Monday, October 1, 2018

One Year at Nanded City

The starting point was rather uninspiring. We shifted to the Nanded City flat only as a stop-gap arrangement when Pranav, Amruta and Nishant came over from USA, and this flat was ready and in our possession. We were all too aware of it being in the wilderness, what with only a handful of people living in the large 700 acre Township under construction, and the distance from the main gate to the apartment building was a whooping 3 kms. There was no public transport within the Township area, and we had only one car - I had sold off my own car when Pranav went to US leaving his car behind.

Nanded City at the time had absolutely no facilities except for water & electricity, and you had to bring almost everything from outside. Fortunately, Pranav & Amruta, having lived in Jacksonville for the last six years, were used to a similar set-up. There was also the small convenience shopping lot near the apartment block with one grocery shop, one selling milk and milk-products, and the third one selling ice-cream and coffee. The fourth shop was taken up by a curtain-maker-indicating that the people had just started coming in because the first thing you need in a new flat-more than anything else-is curtains for privacy. And nowhere else this was more important than Nanded city where most of the flats were designed to have a good look at each other's bedrooms. Incidentally nobody in India knows that architects have anything to do with housing-no builder ever mentions the name of his architect in his advertisements -so it is not really surprising that people are not aware of mistakes made by the architects in design.

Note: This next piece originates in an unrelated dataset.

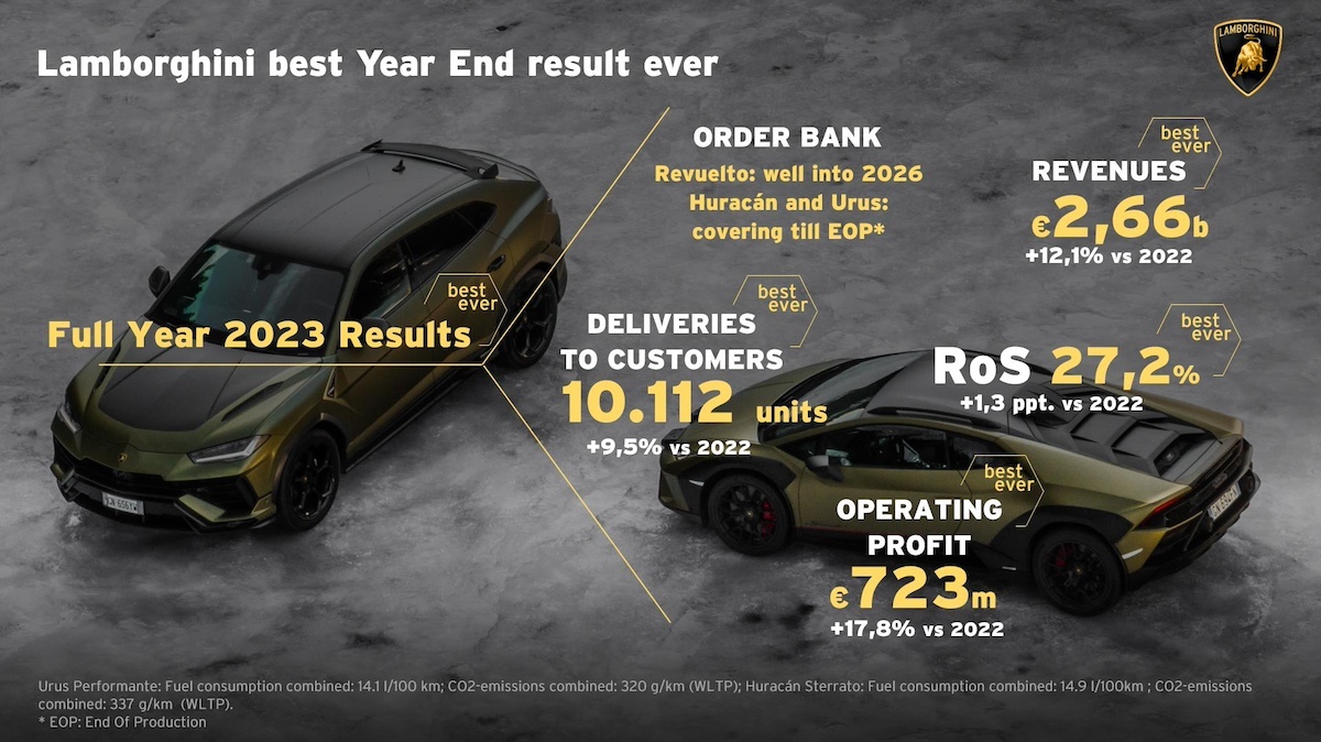 Gli straordinari risultati del 2023 sono particolarmente significativi in considerazione del successo della Revuelto, che già conta un portafoglio ordini superiore ai due anni, e della transizione verso powertrain ibridi per i modelli Huracán e Urus nel 2024. La determinazione di Lamborghini nel perseguire una strategia di crescita sostenibile si riflette nella sua Direzione Cor Tauri, che mira a una maggiore profittabilità attraverso pratiche ambientalmente e finanziariamente sostenibili.
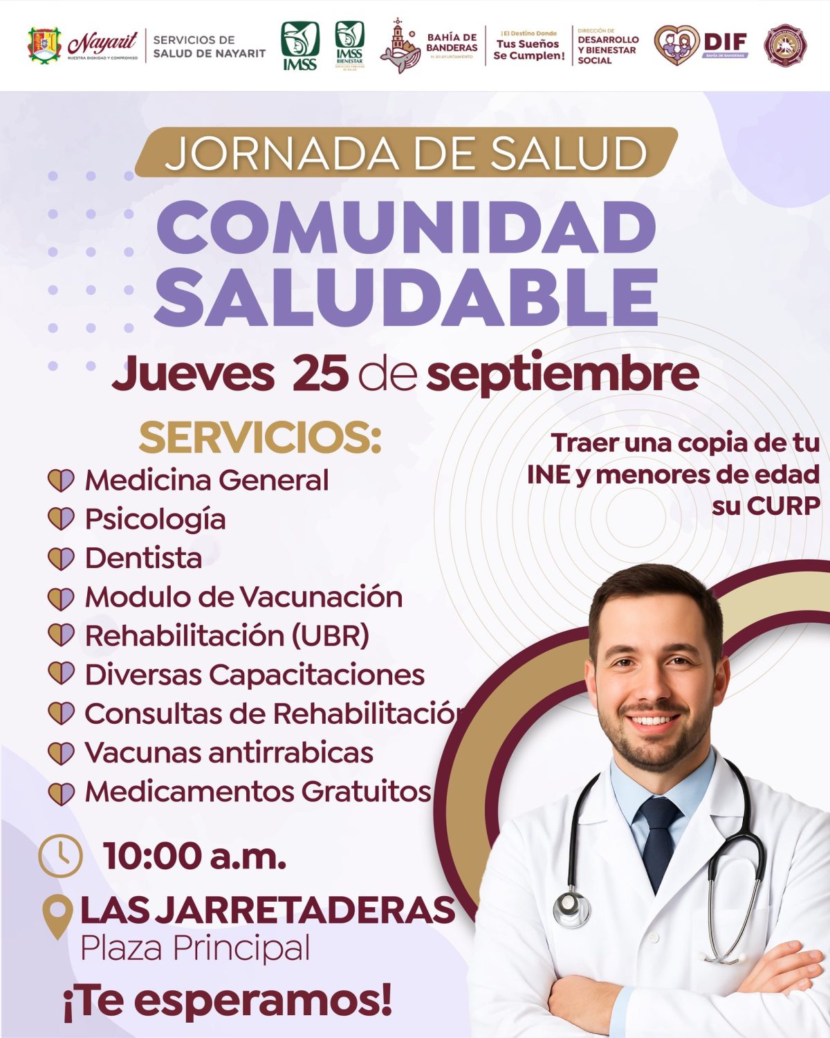 Este jueves 25 de septiembre llevaremos a cabo nuestra Jornada de Salud – Comunidad Saludable, acercando servicios médicos y de bienestar totalmente gratuitos para ti y tu familia.

As a long-standing teacher in architecture, every year I have delivered a series of lectures on the aspects of privacy in design of housing, and have hoped to make an impact in the future design of housing through its implementation-but students seldom listen to your lectures anyway. Then again, the major advantage in architectural profession is that you never have to live or work in the buildings you design. For most of the buildings that you design, you only need to have a few photographs-mostly taken from outside-to impress your next set of clients-who are typically builders-and interested in the external visual image of the building to help sell it to gullible buyers-they would never even dream of living in them.

So a flat buyer has to fend for himself dealing with all the commissions & omissions of the architect-but while you can manage the interior spaces & most of your old furniture in your new flat, the curtains have to be tailor-made for the windows of the new apartment. Moreover the typical design of the flats in Nanded city-designed for good views of your neighbour's bedrooms, made provision of curtains almost mandatory.